» **WORK TO BE COMPLETED**
Nothing outside the range below should be printed. Output exactly the lines from the line with "V.l.: Raik Mildner" to the line with "万博カラーの装飾が施されたモ", both included.

» **MATERIALS PROVIDED**
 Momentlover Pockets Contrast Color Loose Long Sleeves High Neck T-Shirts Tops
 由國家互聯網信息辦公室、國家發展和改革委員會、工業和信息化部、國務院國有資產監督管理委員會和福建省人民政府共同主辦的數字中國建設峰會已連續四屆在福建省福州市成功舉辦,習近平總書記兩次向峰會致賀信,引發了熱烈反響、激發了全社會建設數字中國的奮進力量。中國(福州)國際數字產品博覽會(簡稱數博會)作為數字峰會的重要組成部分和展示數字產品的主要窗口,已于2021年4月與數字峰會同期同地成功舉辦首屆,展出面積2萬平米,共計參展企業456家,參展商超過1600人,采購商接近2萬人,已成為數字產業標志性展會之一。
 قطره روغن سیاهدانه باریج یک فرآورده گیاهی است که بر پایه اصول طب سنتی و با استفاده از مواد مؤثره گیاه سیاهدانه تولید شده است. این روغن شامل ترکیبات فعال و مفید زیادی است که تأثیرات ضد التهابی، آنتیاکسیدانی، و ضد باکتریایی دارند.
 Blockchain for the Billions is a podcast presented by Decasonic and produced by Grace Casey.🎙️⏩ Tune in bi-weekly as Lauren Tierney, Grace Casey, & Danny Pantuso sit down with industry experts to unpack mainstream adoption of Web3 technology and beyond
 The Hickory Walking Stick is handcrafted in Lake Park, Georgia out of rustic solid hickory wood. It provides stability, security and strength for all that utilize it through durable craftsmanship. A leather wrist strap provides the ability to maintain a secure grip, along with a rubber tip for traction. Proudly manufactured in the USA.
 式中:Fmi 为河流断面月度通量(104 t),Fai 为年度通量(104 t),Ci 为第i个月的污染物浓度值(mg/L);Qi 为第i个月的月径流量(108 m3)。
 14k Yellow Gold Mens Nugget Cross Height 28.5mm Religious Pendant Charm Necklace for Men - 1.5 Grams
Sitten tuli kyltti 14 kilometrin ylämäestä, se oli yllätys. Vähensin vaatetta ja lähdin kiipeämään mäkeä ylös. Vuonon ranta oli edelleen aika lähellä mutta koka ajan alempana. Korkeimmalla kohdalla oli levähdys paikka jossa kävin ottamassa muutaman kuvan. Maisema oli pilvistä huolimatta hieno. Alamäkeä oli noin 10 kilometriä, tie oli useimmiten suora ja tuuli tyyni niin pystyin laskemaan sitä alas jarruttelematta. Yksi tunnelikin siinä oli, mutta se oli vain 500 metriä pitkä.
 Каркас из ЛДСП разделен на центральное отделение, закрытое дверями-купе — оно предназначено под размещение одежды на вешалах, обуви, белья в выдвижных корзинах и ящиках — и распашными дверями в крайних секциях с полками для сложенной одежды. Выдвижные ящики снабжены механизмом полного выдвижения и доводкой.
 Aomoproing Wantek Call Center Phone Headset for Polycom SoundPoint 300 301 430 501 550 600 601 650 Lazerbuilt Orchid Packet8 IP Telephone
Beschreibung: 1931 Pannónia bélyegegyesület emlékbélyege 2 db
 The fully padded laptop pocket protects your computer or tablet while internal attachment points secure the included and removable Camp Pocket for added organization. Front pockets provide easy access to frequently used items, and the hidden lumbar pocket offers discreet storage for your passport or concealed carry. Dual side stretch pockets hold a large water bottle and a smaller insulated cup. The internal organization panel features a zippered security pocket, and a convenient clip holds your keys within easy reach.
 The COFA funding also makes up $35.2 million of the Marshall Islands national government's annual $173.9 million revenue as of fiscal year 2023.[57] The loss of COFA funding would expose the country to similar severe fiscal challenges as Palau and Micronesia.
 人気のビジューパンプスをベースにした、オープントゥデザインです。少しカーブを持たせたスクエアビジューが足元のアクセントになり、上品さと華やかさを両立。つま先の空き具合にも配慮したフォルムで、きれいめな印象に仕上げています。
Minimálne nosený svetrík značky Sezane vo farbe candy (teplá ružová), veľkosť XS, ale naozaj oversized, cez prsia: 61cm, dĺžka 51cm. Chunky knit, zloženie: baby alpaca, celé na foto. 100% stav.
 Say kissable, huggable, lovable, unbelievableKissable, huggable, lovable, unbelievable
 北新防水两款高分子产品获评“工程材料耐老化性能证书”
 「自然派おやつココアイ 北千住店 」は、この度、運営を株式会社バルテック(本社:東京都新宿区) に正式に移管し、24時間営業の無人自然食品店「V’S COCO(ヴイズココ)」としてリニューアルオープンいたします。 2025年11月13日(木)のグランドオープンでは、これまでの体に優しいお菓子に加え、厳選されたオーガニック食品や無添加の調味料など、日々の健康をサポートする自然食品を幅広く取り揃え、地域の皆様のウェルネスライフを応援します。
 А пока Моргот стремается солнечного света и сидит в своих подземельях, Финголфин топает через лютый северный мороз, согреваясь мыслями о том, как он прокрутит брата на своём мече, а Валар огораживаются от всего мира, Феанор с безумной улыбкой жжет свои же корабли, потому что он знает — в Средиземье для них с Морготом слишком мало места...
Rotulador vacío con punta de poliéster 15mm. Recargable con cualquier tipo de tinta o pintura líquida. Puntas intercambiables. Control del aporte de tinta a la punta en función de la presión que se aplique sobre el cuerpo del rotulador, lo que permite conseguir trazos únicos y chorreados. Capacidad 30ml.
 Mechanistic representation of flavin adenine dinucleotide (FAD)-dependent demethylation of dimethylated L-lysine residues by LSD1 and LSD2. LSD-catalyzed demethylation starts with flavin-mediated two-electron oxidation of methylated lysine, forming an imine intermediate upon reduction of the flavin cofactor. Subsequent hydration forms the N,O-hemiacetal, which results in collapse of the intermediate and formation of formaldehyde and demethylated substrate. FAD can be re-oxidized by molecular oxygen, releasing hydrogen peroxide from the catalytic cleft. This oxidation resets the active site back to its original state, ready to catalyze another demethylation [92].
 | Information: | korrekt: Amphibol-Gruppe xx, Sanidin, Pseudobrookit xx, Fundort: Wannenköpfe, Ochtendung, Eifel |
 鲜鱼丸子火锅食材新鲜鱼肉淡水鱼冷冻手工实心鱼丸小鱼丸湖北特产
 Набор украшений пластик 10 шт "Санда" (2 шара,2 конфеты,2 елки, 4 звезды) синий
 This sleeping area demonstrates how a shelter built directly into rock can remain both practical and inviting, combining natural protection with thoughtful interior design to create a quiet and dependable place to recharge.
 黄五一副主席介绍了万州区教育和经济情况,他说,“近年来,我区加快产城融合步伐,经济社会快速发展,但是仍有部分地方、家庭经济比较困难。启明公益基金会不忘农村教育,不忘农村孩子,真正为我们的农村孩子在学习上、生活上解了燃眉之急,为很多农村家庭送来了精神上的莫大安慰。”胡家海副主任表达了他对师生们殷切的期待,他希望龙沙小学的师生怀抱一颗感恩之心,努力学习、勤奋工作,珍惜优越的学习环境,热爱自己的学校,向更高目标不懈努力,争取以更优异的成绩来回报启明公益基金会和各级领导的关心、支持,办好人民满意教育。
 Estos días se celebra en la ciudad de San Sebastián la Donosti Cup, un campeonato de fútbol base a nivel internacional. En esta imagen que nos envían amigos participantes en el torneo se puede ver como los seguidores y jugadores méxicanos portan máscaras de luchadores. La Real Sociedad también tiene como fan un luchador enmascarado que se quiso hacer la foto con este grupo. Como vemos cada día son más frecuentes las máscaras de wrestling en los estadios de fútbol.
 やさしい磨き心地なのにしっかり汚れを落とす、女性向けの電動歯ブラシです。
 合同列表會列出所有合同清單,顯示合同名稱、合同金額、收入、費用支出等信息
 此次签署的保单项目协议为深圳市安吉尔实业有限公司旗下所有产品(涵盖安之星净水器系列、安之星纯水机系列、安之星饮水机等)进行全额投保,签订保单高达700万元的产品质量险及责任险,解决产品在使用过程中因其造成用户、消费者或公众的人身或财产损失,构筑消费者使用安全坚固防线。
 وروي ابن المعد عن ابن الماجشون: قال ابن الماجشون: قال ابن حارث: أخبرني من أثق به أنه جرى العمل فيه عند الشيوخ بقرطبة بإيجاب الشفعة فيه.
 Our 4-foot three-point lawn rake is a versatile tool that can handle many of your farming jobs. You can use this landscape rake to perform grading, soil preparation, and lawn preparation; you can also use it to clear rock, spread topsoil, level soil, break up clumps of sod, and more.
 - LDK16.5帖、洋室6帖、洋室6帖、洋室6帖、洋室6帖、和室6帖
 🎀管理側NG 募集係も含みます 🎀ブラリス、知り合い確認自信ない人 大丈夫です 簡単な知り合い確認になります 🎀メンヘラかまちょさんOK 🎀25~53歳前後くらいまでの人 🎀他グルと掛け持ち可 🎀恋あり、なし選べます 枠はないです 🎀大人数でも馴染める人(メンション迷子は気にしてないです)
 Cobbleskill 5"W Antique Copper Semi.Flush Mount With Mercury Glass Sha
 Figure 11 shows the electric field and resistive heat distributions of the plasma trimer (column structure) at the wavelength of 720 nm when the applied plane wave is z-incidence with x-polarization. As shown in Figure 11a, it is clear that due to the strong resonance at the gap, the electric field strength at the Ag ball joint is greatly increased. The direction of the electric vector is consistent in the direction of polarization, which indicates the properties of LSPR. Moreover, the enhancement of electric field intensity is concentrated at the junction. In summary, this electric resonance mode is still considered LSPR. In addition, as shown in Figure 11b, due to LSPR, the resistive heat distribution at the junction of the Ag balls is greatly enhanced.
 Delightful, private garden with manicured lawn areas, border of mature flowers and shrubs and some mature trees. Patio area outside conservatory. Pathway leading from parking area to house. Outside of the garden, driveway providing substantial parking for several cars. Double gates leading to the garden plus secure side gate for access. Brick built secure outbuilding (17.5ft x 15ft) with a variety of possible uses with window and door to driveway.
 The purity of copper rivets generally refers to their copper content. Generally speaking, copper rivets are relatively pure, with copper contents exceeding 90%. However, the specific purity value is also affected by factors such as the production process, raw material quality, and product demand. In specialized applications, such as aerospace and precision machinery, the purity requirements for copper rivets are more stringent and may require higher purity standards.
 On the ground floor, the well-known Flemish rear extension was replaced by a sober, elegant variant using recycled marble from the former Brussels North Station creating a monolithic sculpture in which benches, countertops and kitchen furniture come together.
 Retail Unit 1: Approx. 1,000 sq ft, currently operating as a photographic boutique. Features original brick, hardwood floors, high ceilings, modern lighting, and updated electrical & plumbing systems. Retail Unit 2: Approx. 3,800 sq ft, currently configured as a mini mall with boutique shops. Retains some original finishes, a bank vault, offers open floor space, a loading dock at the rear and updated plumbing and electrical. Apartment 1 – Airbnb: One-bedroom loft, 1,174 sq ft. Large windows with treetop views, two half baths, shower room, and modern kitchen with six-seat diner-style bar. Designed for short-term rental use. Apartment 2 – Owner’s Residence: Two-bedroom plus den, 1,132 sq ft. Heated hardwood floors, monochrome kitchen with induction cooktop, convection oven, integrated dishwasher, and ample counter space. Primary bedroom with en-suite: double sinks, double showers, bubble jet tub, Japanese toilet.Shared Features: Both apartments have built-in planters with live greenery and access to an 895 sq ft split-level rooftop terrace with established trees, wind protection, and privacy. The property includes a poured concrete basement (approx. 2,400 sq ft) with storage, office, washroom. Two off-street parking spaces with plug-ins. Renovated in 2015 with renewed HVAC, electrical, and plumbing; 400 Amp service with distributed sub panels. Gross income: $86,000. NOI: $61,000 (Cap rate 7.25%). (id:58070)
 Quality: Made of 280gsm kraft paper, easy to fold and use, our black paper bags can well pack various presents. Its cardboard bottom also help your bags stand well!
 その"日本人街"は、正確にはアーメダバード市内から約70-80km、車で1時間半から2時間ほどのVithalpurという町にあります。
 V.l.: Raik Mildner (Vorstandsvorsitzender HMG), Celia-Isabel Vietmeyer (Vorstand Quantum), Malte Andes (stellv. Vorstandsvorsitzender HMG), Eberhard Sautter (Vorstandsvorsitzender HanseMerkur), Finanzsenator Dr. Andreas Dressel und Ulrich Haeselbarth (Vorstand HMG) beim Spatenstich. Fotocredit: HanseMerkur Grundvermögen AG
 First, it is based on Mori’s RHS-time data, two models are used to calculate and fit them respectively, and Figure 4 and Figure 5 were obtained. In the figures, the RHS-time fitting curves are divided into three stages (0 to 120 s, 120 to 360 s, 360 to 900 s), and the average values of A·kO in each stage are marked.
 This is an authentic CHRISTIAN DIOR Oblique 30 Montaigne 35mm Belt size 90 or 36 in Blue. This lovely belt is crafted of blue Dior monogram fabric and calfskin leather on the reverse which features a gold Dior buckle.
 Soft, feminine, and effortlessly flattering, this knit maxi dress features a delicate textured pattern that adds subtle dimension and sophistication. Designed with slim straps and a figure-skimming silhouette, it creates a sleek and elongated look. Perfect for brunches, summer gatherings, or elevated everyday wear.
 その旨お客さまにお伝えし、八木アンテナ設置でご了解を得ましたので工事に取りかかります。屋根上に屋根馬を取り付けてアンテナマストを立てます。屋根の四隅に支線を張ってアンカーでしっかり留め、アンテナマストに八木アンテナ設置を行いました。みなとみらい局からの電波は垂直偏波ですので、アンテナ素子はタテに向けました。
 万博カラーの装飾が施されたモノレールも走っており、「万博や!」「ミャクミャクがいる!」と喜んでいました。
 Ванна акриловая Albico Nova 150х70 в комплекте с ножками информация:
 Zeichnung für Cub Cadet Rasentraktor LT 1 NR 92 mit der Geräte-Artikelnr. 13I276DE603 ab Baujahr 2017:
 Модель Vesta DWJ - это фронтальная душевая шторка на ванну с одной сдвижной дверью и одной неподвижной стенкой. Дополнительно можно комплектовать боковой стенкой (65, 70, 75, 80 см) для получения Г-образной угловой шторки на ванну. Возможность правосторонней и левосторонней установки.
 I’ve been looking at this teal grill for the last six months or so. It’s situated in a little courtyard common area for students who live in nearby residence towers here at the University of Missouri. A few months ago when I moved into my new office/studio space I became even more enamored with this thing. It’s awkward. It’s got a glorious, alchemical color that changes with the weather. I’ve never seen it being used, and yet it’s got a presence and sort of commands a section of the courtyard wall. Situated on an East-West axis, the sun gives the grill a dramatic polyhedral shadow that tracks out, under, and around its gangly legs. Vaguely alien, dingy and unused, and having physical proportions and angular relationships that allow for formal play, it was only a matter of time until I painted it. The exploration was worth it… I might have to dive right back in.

» **SOLUTION FOR THIS TASK**
 V.l.: Raik Mildner (Vorstandsvorsitzender HMG), Celia-Isabel Vietmeyer (Vorstand Quantum), Malte Andes (stellv. Vorstandsvorsitzender HMG), Eberhard Sautter (Vorstandsvorsitzender HanseMerkur), Finanzsenator Dr. Andreas Dressel und Ulrich Haeselbarth (Vorstand HMG) beim Spatenstich. Fotocredit: HanseMerkur Grundvermögen AG
 First, it is based on Mori’s RHS-time data, two models are used to calculate and fit them respectively, and Figure 4 and Figure 5 were obtained. In the figures, the RHS-time fitting curves are divided into three stages (0 to 120 s, 120 to 360 s, 360 to 900 s), and the average values of A·kO in each stage are marked.
 This is an authentic CHRISTIAN DIOR Oblique 30 Montaigne 35mm Belt size 90 or 36 in Blue. This lovely belt is crafted of blue Dior monogram fabric and calfskin leather on the reverse which features a gold Dior buckle.
 Soft, feminine, and effortlessly flattering, this knit maxi dress features a delicate textured pattern that adds subtle dimension and sophistication. Designed with slim straps and a figure-skimming silhouette, it creates a sleek and elongated look. Perfect for brunches, summer gatherings, or elevated everyday wear.
 その旨お客さまにお伝えし、八木アンテナ設置でご了解を得ましたので工事に取りかかります。屋根上に屋根馬を取り付けてアンテナマストを立てます。屋根の四隅に支線を張ってアンカーでしっかり留め、アンテナマストに八木アンテナ設置を行いました。みなとみらい局からの電波は垂直偏波ですので、アンテナ素子はタテに向けました。
 万博カラーの装飾が施されたモノレールも走っており、「万博や!」「ミャクミャクがいる!」と喜んでいました。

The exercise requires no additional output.